# Observed kid's BJJ/Judo class last night, adults tonight!



## CrankyDragon (Oct 25, 2005)

Well, my daughter and myself went to observe the kid's BJJ/Judo class tonight, as some of you may know we have both been studying Nihon Goshin Aikido as a father/daughter project!  (Shes 8 yo).  She was shy at first, I had to be right by her side.  Then we went to the other section of the dojo after warmup and I sat with a Judo instructor telling lies and talking trash... when the next thing I know shes got her socks off and is in the mount with one of the other kids!!  I obseved a big smile on her face the whole time, and shes already wanting to join... I told her we will take the free week of class offered to us before we make a decision but I think shes fallen for the art! (Excuse the pun: fallen, hehe).

Tonight, I go to observe the adult's BJJ class!  Im pretty excited.  I have nothing against NGA and still love it, but just as I told my step-son... There are Chevys, Fords, Dodges and a bunch of others.  There all modes of transportation, but the reason there isnt just one manufacturer is because there are differences in taste and desires of consumers.  For me, I think BJJ will have more to offer that I myself and put into practical application.  I can say that the training I had in Aikido will be of benefit when starting BJJ!

Just wanted to shout out to my Internet family on this...
Andrew


----------



## OnlyAnEgg (Oct 25, 2005)

I think it's sweet your daughter is enjoying this so much.  I have my stepdaughter and stepson attending Seieikan with me and they enjoy it, as well.

I'll be interested in hearing how you fare going from one style into another.  I thouroughly love karate; but, I'd like to look at taking another style a little way down the road.

Good luck, Andrew


----------



## CrankyDragon (Oct 25, 2005)

OnlyAnEgg said:
			
		

> I'll be interested in hearing how you fare going from one style into another.


 
I think if I got her into a Dojo where the kids focus more on training, and theres less idle time, she would enjoy herself more.  She has a genuine desire to learn but suffered a lot of frustration with horse play and sillyness.  I *do not* push her to take MA, shes like this on her own, so I want to support her with this!

I ll be posting back with any future news, follow my screen name in the grappling section of the forum!

Take care
Andrew


----------



## Navarre (Oct 25, 2005)

I thinks that's great Andrew.
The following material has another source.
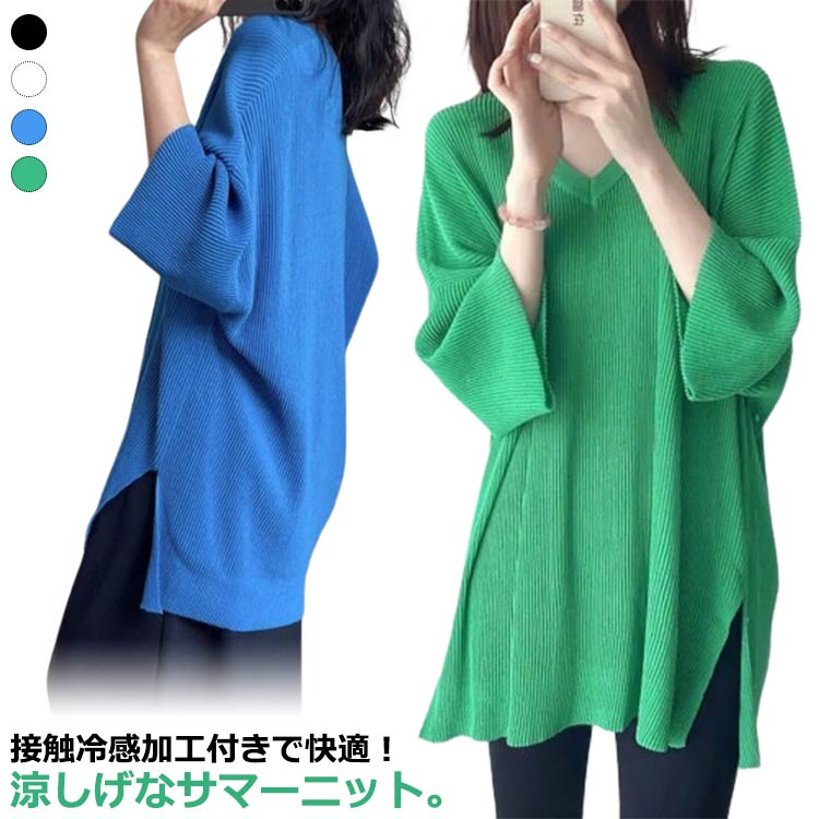トップス レディース ロングtシャツ サマーニット きれいめ 夏ニット 七分袖 涼しい 半袖 夏 接触冷感 ニット トップス 春 Vネック スリット ゆったり ドロップショルダー 無地 カジュアル 大きいサイズ おしゃれ カットソー

I hope you both enjoy it very much.

My two most accomplished students are a father-daughter duo. They started when she was 6 yrs old. Now she's 19 and very well known in her art.

Both of them have really gained a lot by being able to study together. My twins turn 3 in under a month so I still have a way to go. In time though, I hope they will enjoy studying with me.

Your news is good. Have fun!


----------



## Eternal Beginner (Oct 25, 2005)

Great to hear!  I agree with you that it is mostly a matter of taste which art you will find to be the best one for you.  That being said, I was studying both aikido and BJJ and had to choose because of time constraints.  We went with BJJ and have enjoyed every second of it.  My son and daughter also train BJJ and there is nothing kids like more than wrestling and learning in a productive, safe environment with a qualified instructor.  If they feel safe they are far more receptive to trying new things.  I am so glad that she had a great time...have fun!


----------



## arnisador (Oct 25, 2005)

I'd like to start my 11 year old daughter, but she has dance 5 days a week for a few hours at a time and there just isn't a way to mesh the two! My son and I do BJJ together though.


----------



## Lisa (Oct 25, 2005)

Fantastic Cranky Dragon!  My kids both do submission grappling and have for the past few years.  They love it!


----------



## CrankyDragon (Oct 25, 2005)

Thanks much for everyone's support and kind words!
Andrew


----------



## Sam (Oct 25, 2005)

CrankyDragon said:
			
		

> I sat with a Judo instructor telling lies and talking trash...


 
wait, who was talking trash, you or the judo instructor? was it all in good fun? that line jumped out at me...


----------



## theletch1 (Oct 25, 2005)

Samantha said:
			
		

> wait, who was talking trash, you or the judo instructor? was it all in good fun? that line jumped out at me...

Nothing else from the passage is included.